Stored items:
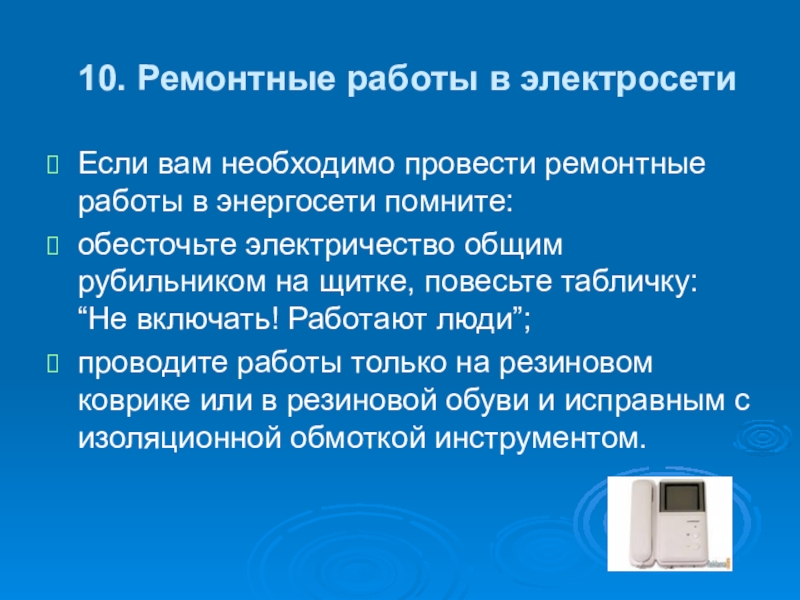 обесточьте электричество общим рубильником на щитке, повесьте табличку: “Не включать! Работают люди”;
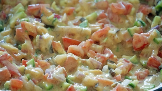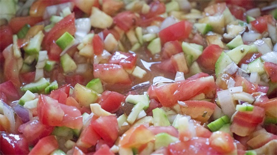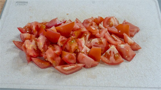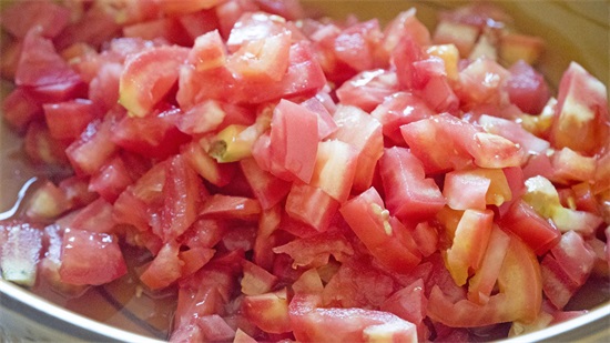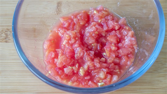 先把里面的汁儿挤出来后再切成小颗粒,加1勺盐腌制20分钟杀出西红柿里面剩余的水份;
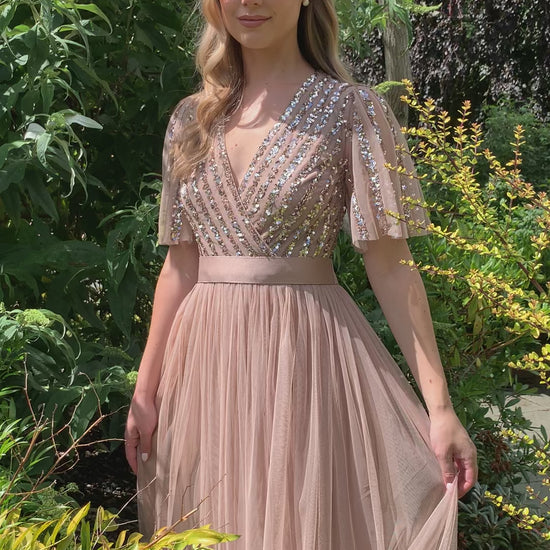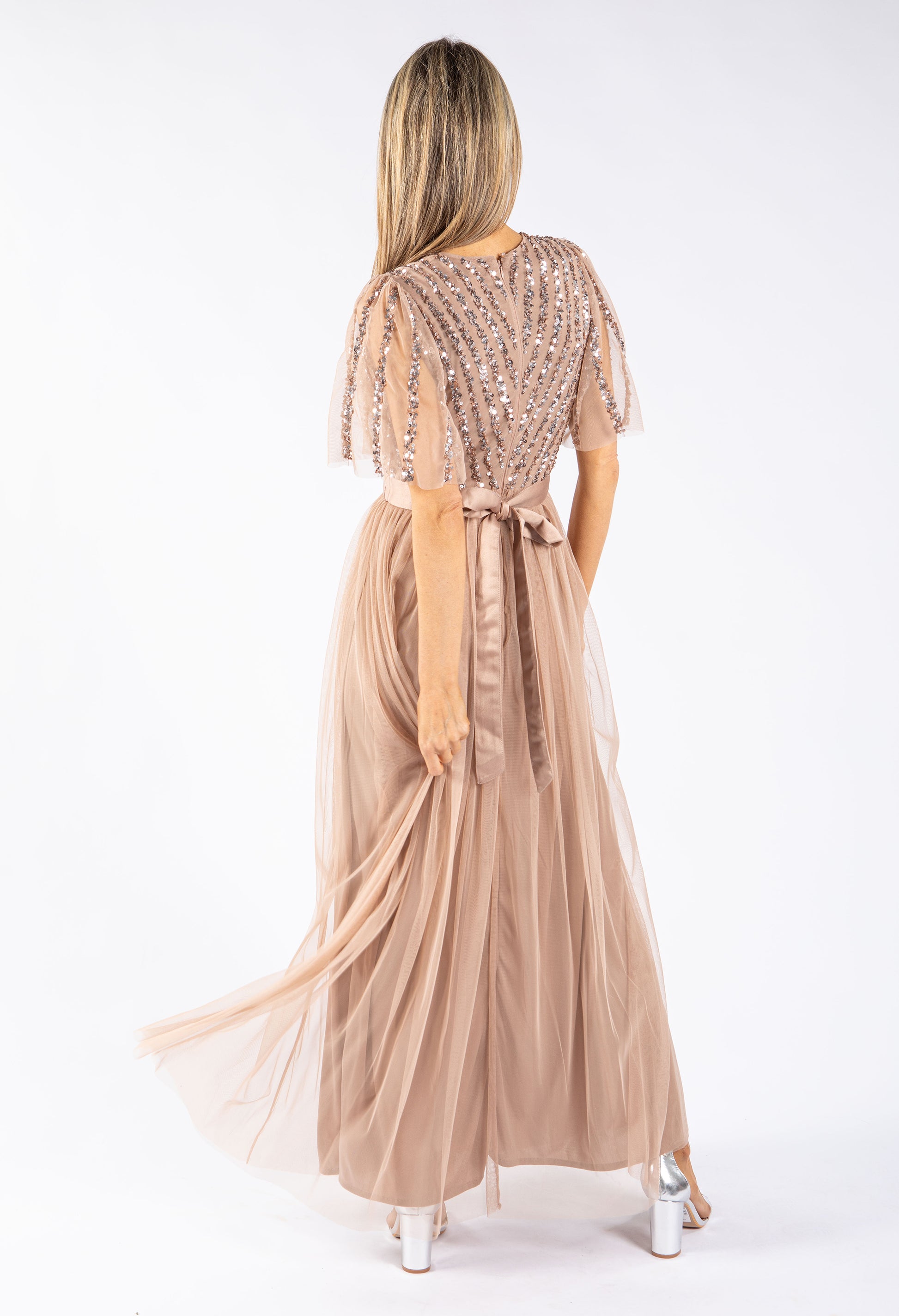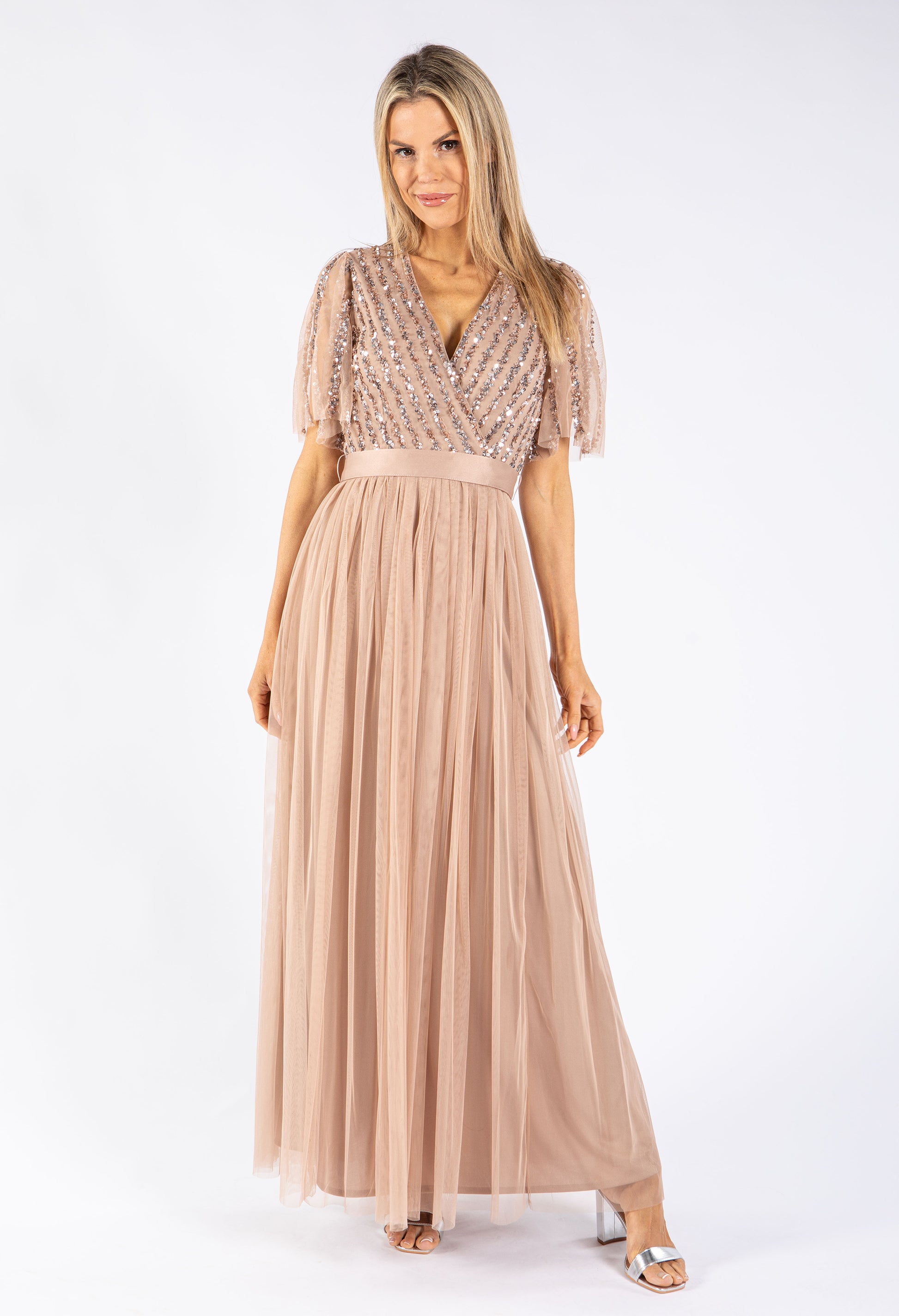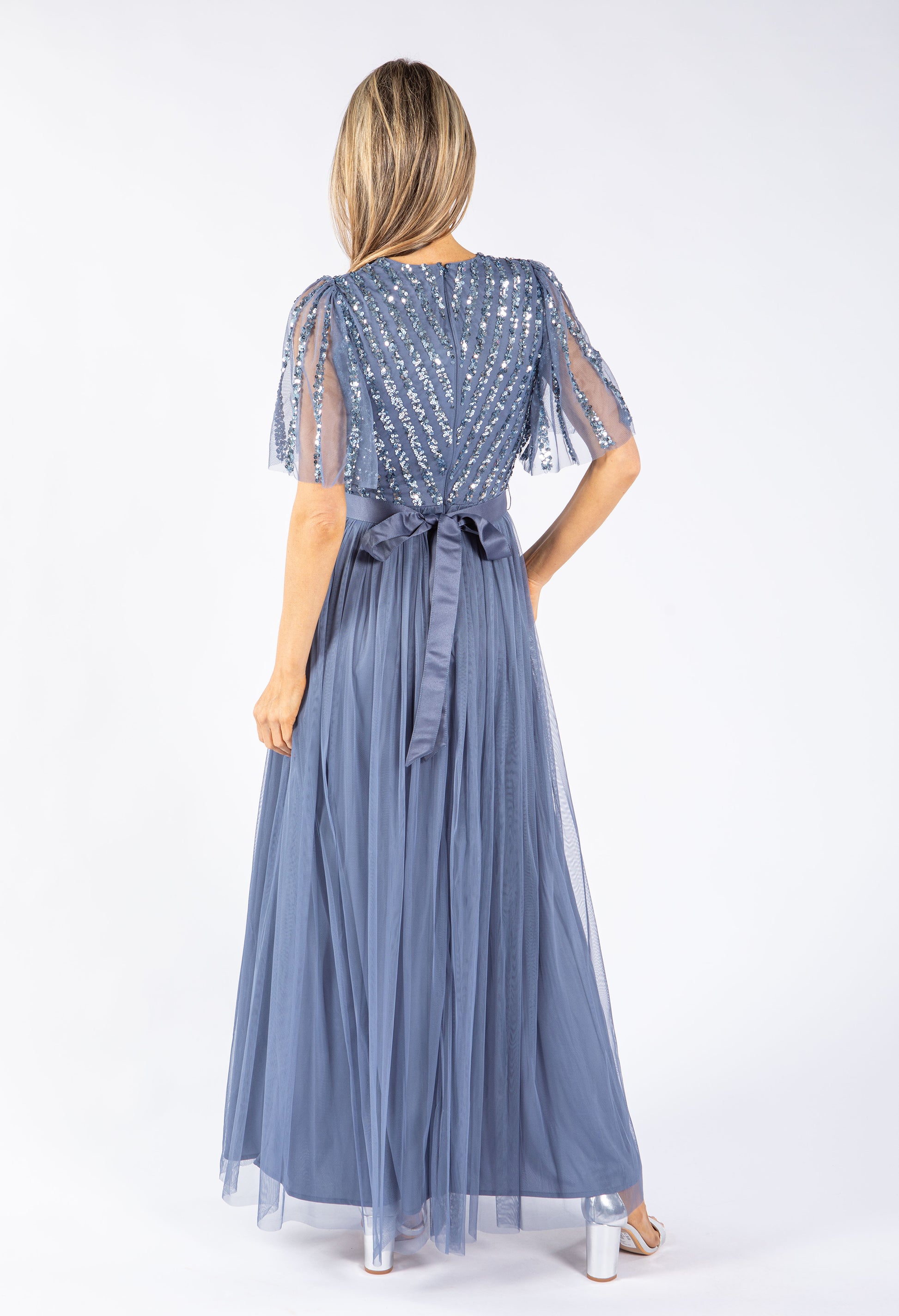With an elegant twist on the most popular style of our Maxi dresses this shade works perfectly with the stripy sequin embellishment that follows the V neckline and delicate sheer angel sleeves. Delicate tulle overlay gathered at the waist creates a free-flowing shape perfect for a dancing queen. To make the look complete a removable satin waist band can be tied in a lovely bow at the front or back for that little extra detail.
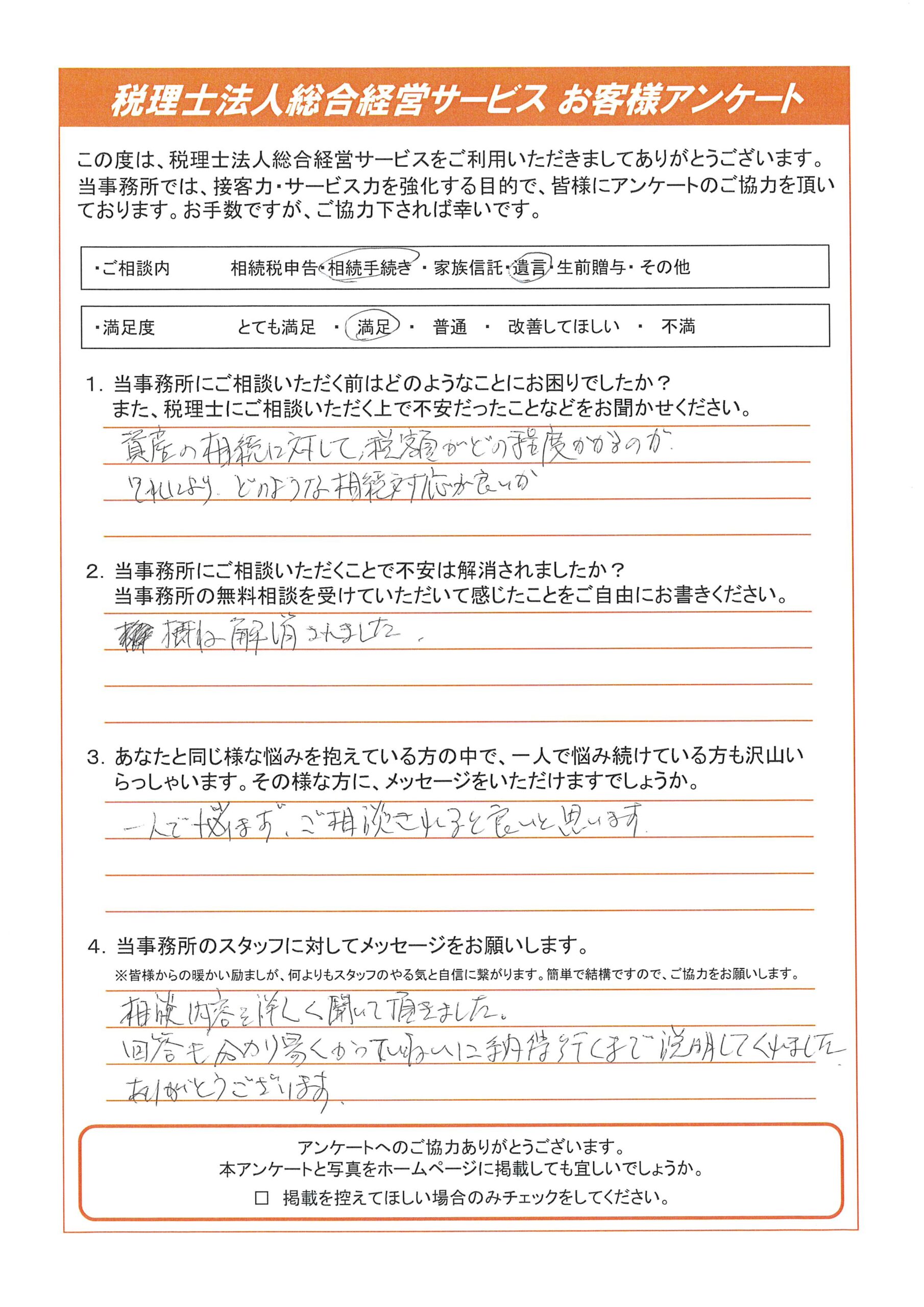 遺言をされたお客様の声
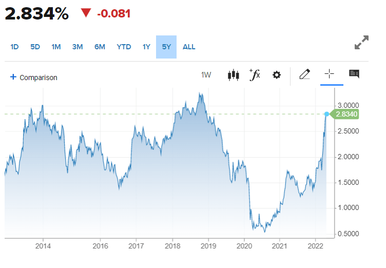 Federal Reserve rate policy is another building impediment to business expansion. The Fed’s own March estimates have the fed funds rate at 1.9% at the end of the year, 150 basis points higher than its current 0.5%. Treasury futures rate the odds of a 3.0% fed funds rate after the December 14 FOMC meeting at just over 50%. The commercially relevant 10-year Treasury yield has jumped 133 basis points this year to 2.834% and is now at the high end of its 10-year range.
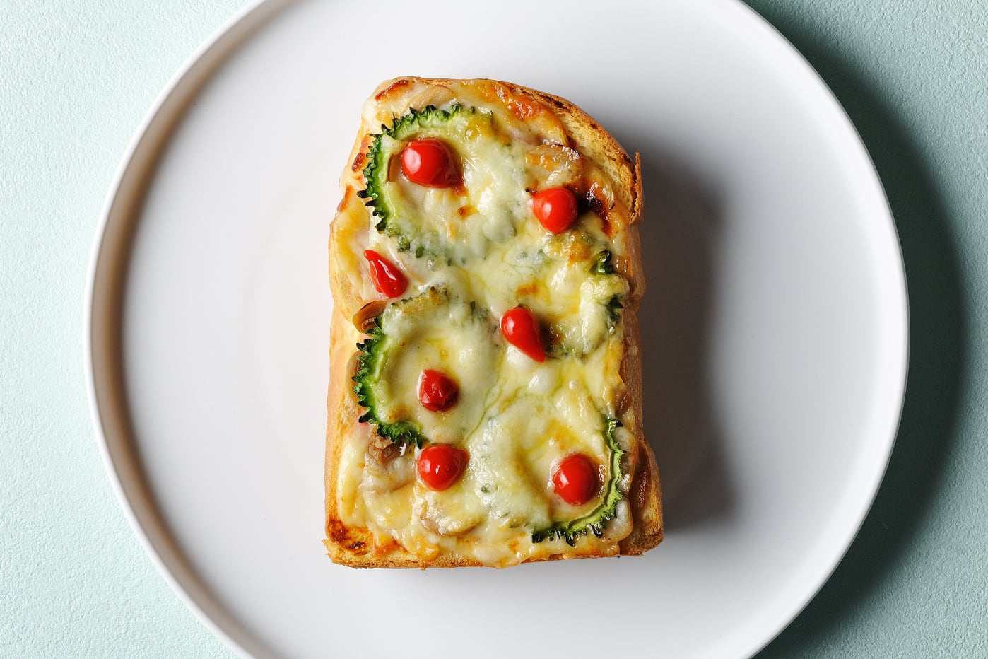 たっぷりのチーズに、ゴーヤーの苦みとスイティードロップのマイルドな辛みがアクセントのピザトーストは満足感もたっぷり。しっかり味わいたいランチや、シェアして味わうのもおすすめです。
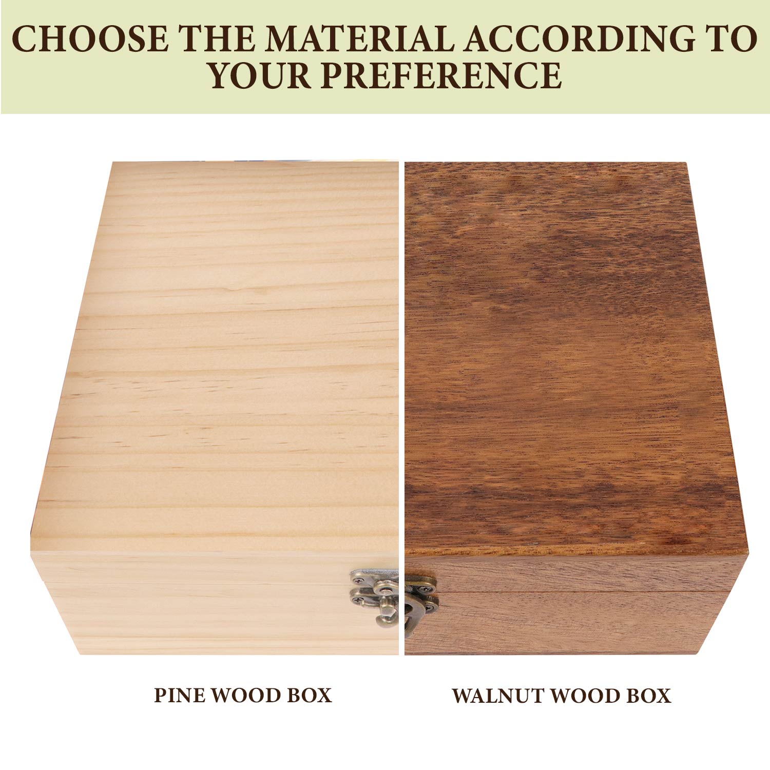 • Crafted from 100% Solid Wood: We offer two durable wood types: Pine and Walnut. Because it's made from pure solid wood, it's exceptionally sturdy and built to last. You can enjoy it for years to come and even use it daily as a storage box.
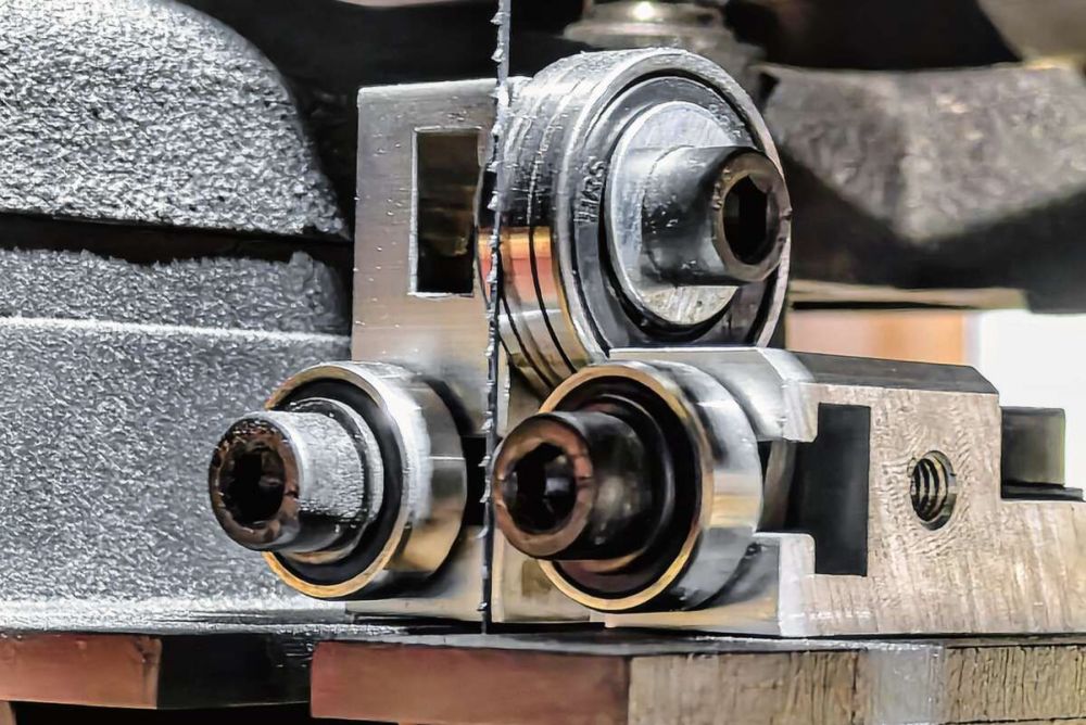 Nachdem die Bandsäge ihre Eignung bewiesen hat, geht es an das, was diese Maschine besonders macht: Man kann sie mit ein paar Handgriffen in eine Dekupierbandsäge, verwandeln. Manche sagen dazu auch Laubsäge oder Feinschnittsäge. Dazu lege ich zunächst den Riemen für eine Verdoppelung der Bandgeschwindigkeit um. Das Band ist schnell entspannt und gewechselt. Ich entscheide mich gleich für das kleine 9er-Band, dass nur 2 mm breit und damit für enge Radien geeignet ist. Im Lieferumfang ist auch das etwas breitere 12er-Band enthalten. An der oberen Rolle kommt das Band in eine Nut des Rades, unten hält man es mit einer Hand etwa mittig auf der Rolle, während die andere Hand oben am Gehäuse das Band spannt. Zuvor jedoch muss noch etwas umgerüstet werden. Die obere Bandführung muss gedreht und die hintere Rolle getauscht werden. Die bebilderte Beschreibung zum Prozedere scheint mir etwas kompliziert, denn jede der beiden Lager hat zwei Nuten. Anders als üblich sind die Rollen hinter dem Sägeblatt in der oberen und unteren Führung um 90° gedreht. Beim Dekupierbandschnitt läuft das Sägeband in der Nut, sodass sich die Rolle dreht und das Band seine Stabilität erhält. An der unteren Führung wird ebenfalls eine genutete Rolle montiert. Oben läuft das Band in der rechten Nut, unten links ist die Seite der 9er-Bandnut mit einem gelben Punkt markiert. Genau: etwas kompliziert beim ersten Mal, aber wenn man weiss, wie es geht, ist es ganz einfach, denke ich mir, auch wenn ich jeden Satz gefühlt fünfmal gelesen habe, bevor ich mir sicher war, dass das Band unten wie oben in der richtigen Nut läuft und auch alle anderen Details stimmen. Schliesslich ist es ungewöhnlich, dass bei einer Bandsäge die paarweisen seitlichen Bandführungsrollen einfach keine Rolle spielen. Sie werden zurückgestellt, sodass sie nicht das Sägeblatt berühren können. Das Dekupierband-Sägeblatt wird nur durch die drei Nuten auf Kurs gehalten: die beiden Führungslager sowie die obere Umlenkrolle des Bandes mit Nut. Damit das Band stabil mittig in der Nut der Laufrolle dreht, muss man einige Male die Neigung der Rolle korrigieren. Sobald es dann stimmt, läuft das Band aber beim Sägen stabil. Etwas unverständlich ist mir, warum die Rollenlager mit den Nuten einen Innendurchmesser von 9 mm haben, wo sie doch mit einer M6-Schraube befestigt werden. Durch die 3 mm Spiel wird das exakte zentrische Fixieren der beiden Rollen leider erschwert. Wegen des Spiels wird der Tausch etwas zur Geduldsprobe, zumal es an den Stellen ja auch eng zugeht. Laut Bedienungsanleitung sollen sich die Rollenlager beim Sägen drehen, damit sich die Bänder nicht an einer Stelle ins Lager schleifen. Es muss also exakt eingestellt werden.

WHAT YOU HAVE TO DO => Your copy should hold the lines from the one with "先把里面的汁儿挤出来后再切成" up to and including the one with "a storage box.", exactly as in the data above, and no pictures.

RESULT OF THE TASK =>
 先把里面的汁儿挤出来后再切成小颗粒,加1勺盐腌制20分钟杀出西红柿里面剩余的水份;
With an elegant twist on the most popular style of our Maxi dresses this shade works perfectly with the stripy sequin embellishment that follows the V neckline and delicate sheer angel sleeves. Delicate tulle overlay gathered at the waist creates a free-flowing shape perfect for a dancing queen. To make the look complete a removable satin waist band can be tied in a lovely bow at the front or back for that little extra detail.
 遺言をされたお客様の声
 Federal Reserve rate policy is another building impediment to business expansion. The Fed’s own March estimates have the fed funds rate at 1.9% at the end of the year, 150 basis points higher than its current 0.5%. Treasury futures rate the odds of a 3.0% fed funds rate after the December 14 FOMC meeting at just over 50%. The commercially relevant 10-year Treasury yield has jumped 133 basis points this year to 2.834% and is now at the high end of its 10-year range.
 たっぷりのチーズに、ゴーヤーの苦みとスイティードロップのマイルドな辛みがアクセントのピザトーストは満足感もたっぷり。しっかり味わいたいランチや、シェアして味わうのもおすすめです。
 • Crafted from 100% Solid Wood: We offer two durable wood types: Pine and Walnut. Because it's made from pure solid wood, it's exceptionally sturdy and built to last. You can enjoy it for years to come and even use it daily as a storage box.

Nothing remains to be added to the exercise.